The next thing she noticed was Planellas standing outside at the end of the driveway near her car, holding the BB gun. She went to the front window to take a closer look and noticed the officer making a U-turn and pulling up next to the home. He advanced from the east side of the driveway towards Planellas on the western end.

“I said Etianna, what are you doing? Then the police yelled to put the gun down. She was pointing it at her head,” Arocha said.

Arocha said she has little recollection of what happened next. The moment Planellas lowered the weapon and the officer fired is a blur to her.

In South Florida, there is a long list of encounters between law enforcement and the mentally ill that have ended in injury or death.

Lavall Hall was 25 and had only recently returned home from a hospital stay in 2015, when Miami Gardens police encountered him shirtless and swinging a broomstick one morning before sunrise.
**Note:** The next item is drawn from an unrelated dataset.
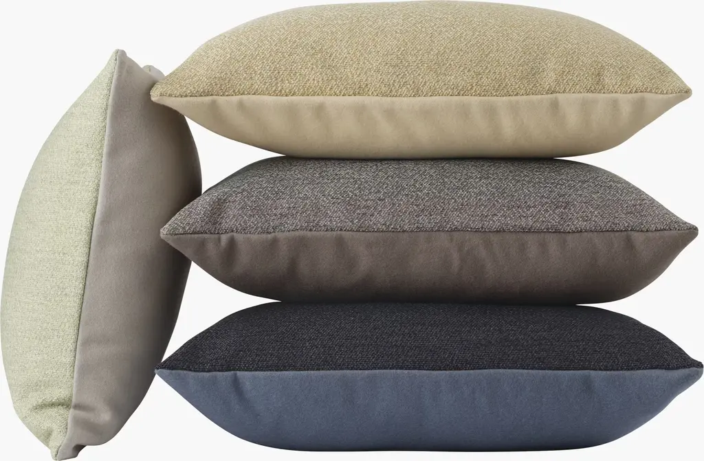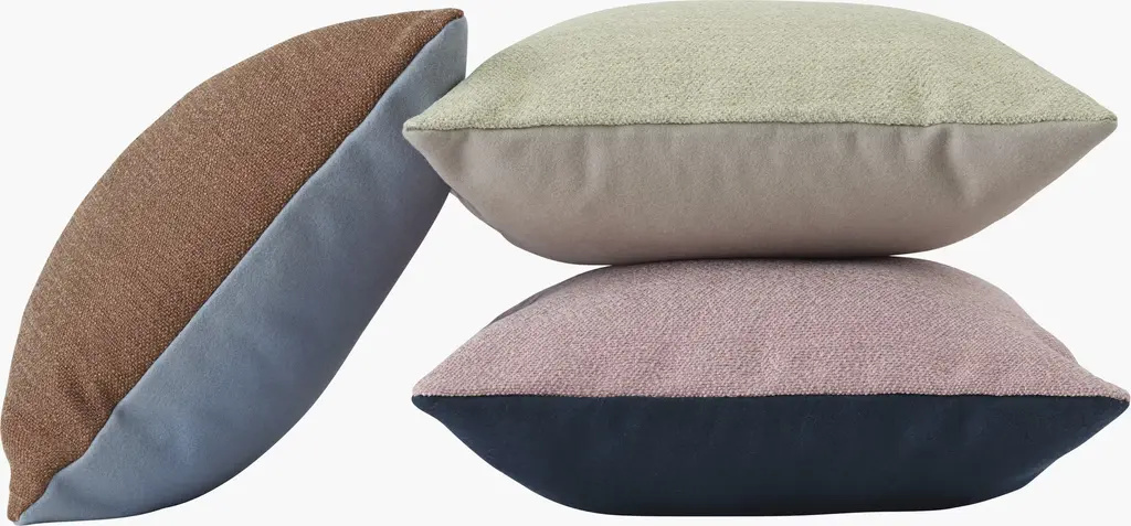 With each side upholstered in a different color and fabric, the Mingle Pillow (2023) is like having two pillows in one. Which side is the front? That's up to you, and you can change your mind whenever you wish. Mix, match, and mingle pillows to add color and texture to your sofa, bed, or chairs. Removable cover; dry clean only. Made in Turkey.

An officer shot him five times as his mother begged them not to kill her son. A year later, a behavioral therapist lying on the ground with his hands up in the air while trying to protect his severely autistic client, was shot by a North Miami police officer. Charles Kinsey survived.

How law enforcement deals with the mentally ill was also a hot button issue during last summer’s heated Black Lives Matter protests, when calls went out for police to leave dealing with the mentally ill to qualified social workers. That, sociologists and activists say, would relieve a large burden from police and allow them to focus more on major crimes.

University of Miami criminologist and sociology department Chairman Alex Piqueros said the death of Planellas is a perfect example of why local law enforcement should adopt policies now in place in Dallas and being practiced in San Francisco. The two large cities now deploy mobile teams of psychiatric and fire rescue healthcare workers to most calls involving mental illness or substance abuse.

For those still hung up on the term “defund the police,” Piquero said, creating the mobile teams is actually a costly endeavor.

“They’re not replacing the police, but supplementing the police response in most cases,” said the sociology chair. “I’d rather err on the side of caution. I’m not blaming the cop. It seems reasonable for him to have acted that way. But a woman’s death might not have had to happen.”

Last week, Planellas’s family was still processing what happened. Her grandparents, cousins and children milled about. The television played loudly in the background as cats climbed on credenzas and tables. Anthony Hernandez cradled Anthony Jr., a 6-month-old that the family said Planellas adored. Niece Mailin Robaina, 29, was sorting through hundreds of pictures on the dining room table.

“She has more pictures of animals and cats than she does of people,” said Robaina. “But you know what, she was the closest aunt I had. I spent every weekend, holiday and Christmas with her. She was always a happy spirit.”